Bravery, not perfection.
SO here’s my lesson lately: BRAVERY, NOT PERFECTION.
It’s been a slow burn for me. All the powers of the universe have been priming my heart and my ears for this one. I was listening to Armchair Expert with Dax Shepard (close friends know I don’t ever shut up about three different podcasts - this is one of them) and he was interviewing Reshma Saujani. Her story is amazing, so if you’re interested in a woman who supports other women, works to build up future generations, and has learned the value in failing forward, just stop reading now and go listen to that episode.
For those of you still reading, here’s why this podcast episode mattered to me (and why I hope it helps you). As a girl and young woman, my value came from being mature, polite, well-behaved, well-groomed, a straight-A student, etc. It’s how I earned love, attention and praise from those around me. Naturally, perfectionism became #goals.
I knew of two paths in life: the one that led to success/changing the world/love/happiness, and the other one *shudder*. I got to a place, especially academically or with hobbies, where it didn’t matter how long I spent working on something, if it didn’t come out like I had pictured, I was not only crushed, but questioning my identity and life goals (cut to me like two weeks ago making a bad batch of macarons for my mom’s store opening, telling myself that I’m a failure, that no one will spend money on things I make, especially sh***y things, that I should probably just stop trying and go crawl in a hole.

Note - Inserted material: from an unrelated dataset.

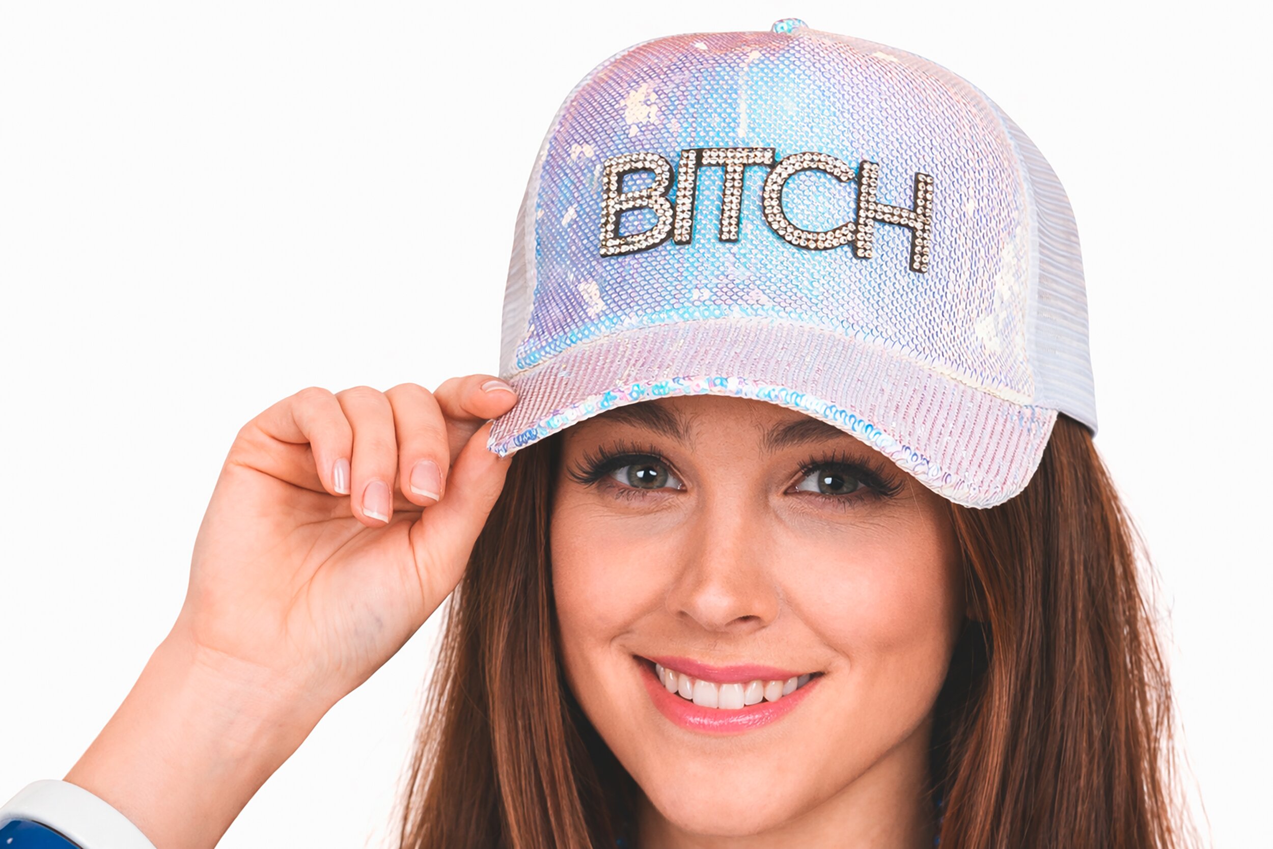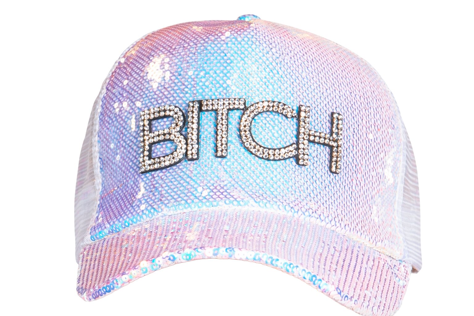 Sequin “Bitch” Cap – an eye-catching statement accessory for parties and festivals.

Yeah, I’m really nice to myself.) Culturally, I didn’t (don’t) experience the emphasis on the process like I did (do) on the product. I feared anything that would land me on the other path, inadequacy being one of those things. Slowly but surely I became more and more afraid to TRY ANYTHING. (Am I hitting home with any of you, yet?)
I get that some of that is just real life - it doesn’t matter how long you practice an instrument, if you still can’t play a song people aren’t going to pay you to perform just because you tried. That’s fair. But my point and my question is this: How many musicians are out in the world, stuck deep inside of people, just because they’re too scared to try and potentially fail? How much do YOU have to offer the world that we may never know about because you’re not the best at the thing, so why bother? How many of you are cripplingly afraid that you won’t be perfect? How many of you actually are?
Reshma said multiple times that BRAVERY IS A MUSCLE. So even in sharing this post, I am working that muscle. I’m continuing to consciously create space for failure, to remove the stigma from that word, and to lean in to my experiences with failure that brought me where I am (financial failure that led me to drop out of school [move back to TN and eventually marry Matt], contraceptive failure that led to my daughter [aka the best thing that’s ever happened], western medicine failure that led to my being a doula [the job that I sincerely believe I was created for], and my high school English teacher’s failure [that led to my endless run-on sentence writing style]. The list goes on…). So go and read Reshma’s book, Brave, Not Perfect: Fear Less, Fail More, and Live Bolder. My copy comes in Friday. And if you want to get together and swap stories of the times you tried to trick the world into thinking you had it all together, let’s grab coffee. Or even better - let’s go try something new and be willing to suck at it.
SIDENOTE ABOUT THE HEADER PHOTO:
My face in this photo is hilariously metaphorical to me.
I was on a trip with my husband, trying to force myself to have photos taken, so I thought I’d do something silly. Jump like 4 feet down. And look at how trepidatious my facial expression is. Also I’m not even really willing to jump - just pretending that it’s one really big stair, I guess. I look at this photo through my narrative-self-lens and want to take that woman, shake her, and yell, “WHAT ARE YOU SO SCARED OF?” And then I picture little Katherine on that ledge and I want to ask the same thing, much more lovingly this time, and also cry a little. I’m so much more kind to little Katherine.